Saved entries
- - - - - - -

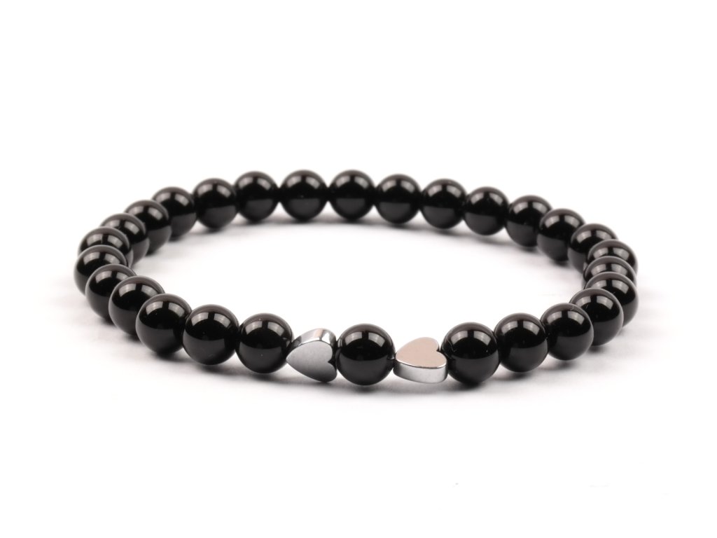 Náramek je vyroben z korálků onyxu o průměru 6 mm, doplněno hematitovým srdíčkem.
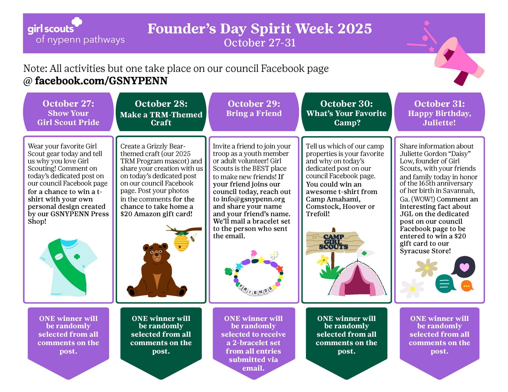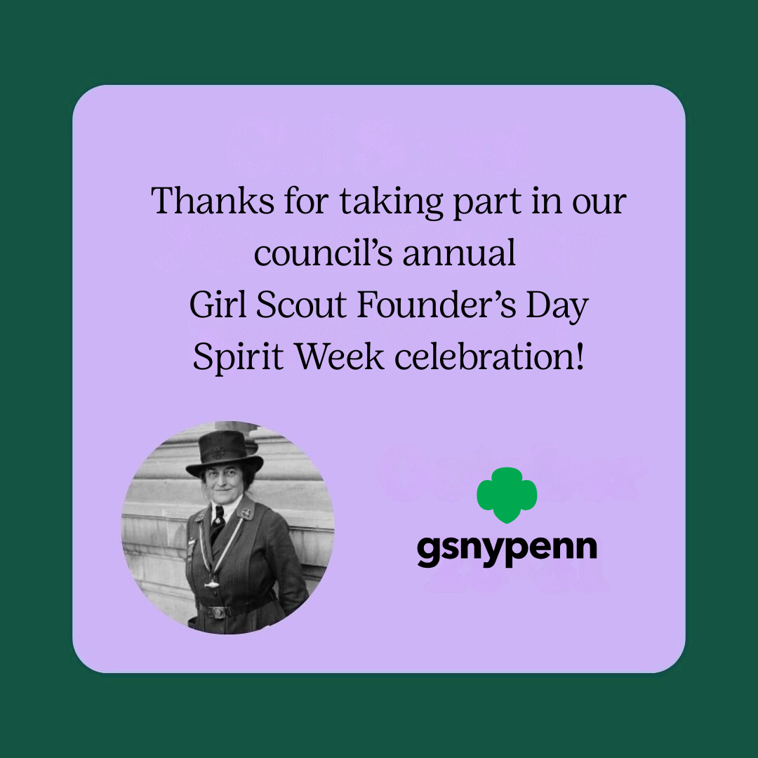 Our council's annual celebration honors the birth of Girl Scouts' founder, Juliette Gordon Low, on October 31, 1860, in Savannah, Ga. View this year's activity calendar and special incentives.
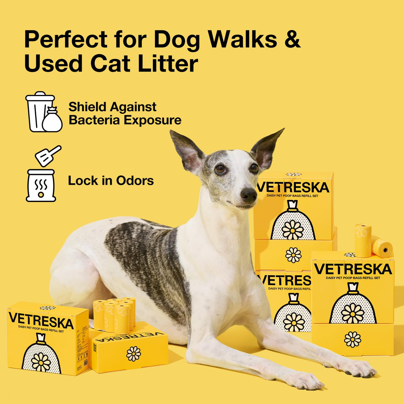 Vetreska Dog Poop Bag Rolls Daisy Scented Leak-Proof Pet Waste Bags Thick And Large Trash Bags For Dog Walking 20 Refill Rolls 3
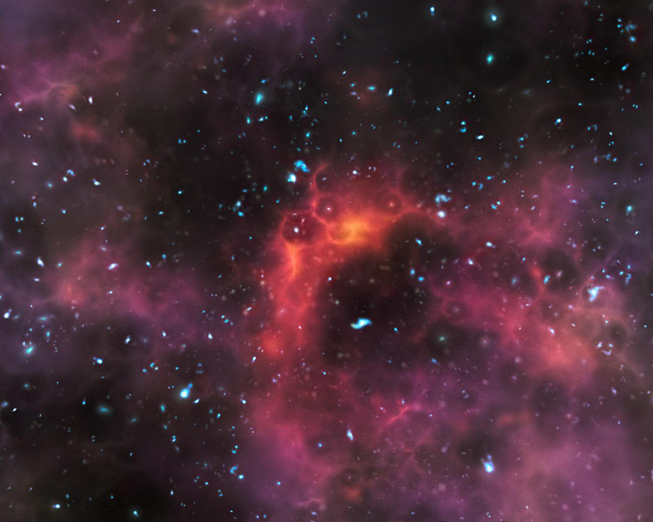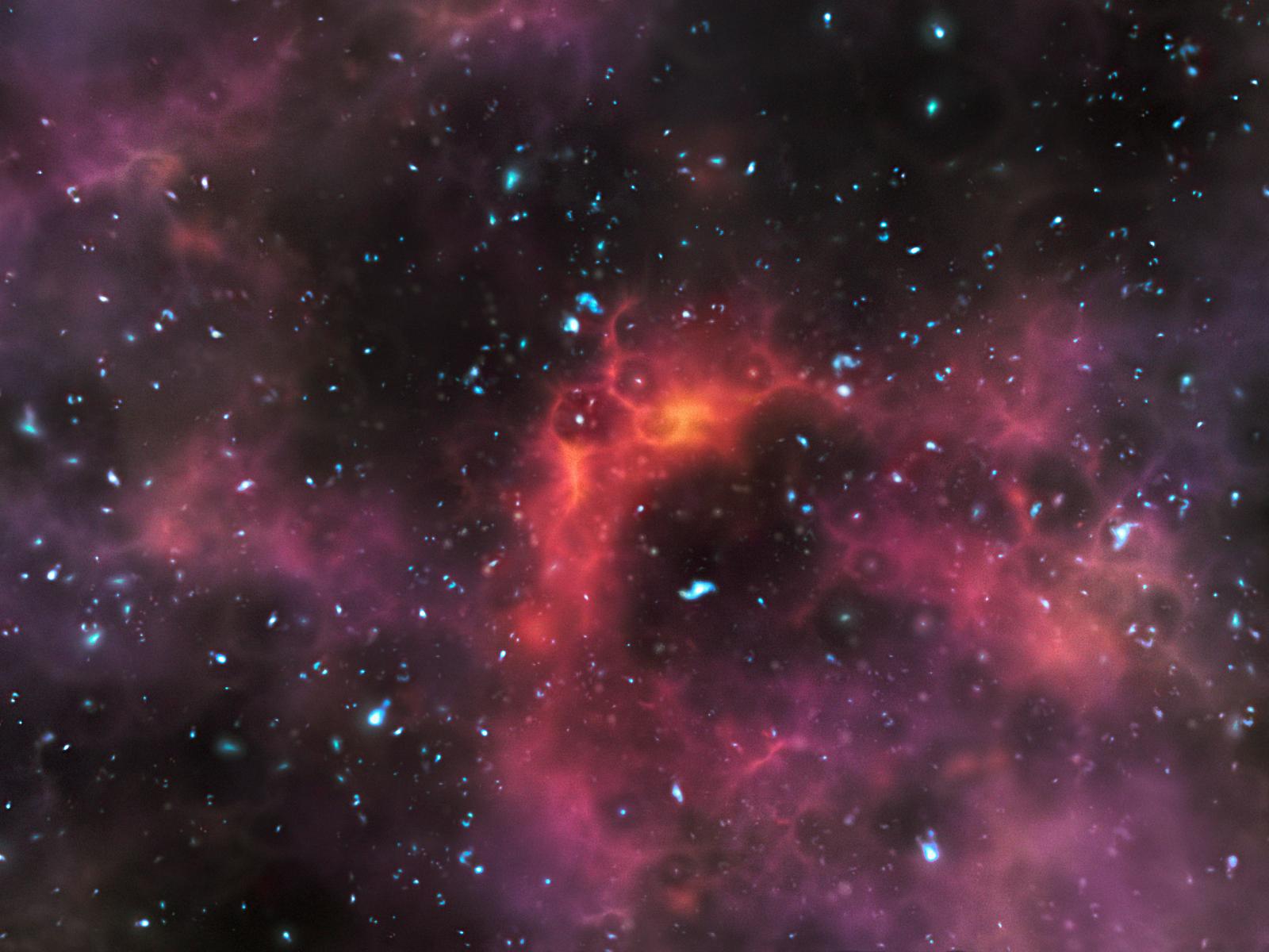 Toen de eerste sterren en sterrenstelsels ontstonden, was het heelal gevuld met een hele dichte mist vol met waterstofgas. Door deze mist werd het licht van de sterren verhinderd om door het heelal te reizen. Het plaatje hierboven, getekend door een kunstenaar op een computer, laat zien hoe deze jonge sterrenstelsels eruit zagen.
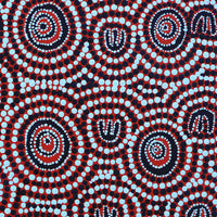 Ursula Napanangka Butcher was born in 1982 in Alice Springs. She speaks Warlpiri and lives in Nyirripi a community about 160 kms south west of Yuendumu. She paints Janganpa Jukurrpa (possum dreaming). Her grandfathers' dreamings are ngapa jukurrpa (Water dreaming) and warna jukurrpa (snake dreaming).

- - - - - - -

# [Exercise requirements]
Give back every record above word for word, dropping pictures.

# [Problem solution]
 Náramek je vyroben z korálků onyxu o průměru 6 mm, doplněno hematitovým srdíčkem.
 Our council's annual celebration honors the birth of Girl Scouts' founder, Juliette Gordon Low, on October 31, 1860, in Savannah, Ga. View this year's activity calendar and special incentives.
 Vetreska Dog Poop Bag Rolls Daisy Scented Leak-Proof Pet Waste Bags Thick And Large Trash Bags For Dog Walking 20 Refill Rolls 3
 Toen de eerste sterren en sterrenstelsels ontstonden, was het heelal gevuld met een hele dichte mist vol met waterstofgas. Door deze mist werd het licht van de sterren verhinderd om door het heelal te reizen. Het plaatje hierboven, getekend door een kunstenaar op een computer, laat zien hoe deze jonge sterrenstelsels eruit zagen.
 Ursula Napanangka Butcher was born in 1982 in Alice Springs. She speaks Warlpiri and lives in Nyirripi a community about 160 kms south west of Yuendumu. She paints Janganpa Jukurrpa (possum dreaming). Her grandfathers' dreamings are ngapa jukurrpa (Water dreaming) and warna jukurrpa (snake dreaming).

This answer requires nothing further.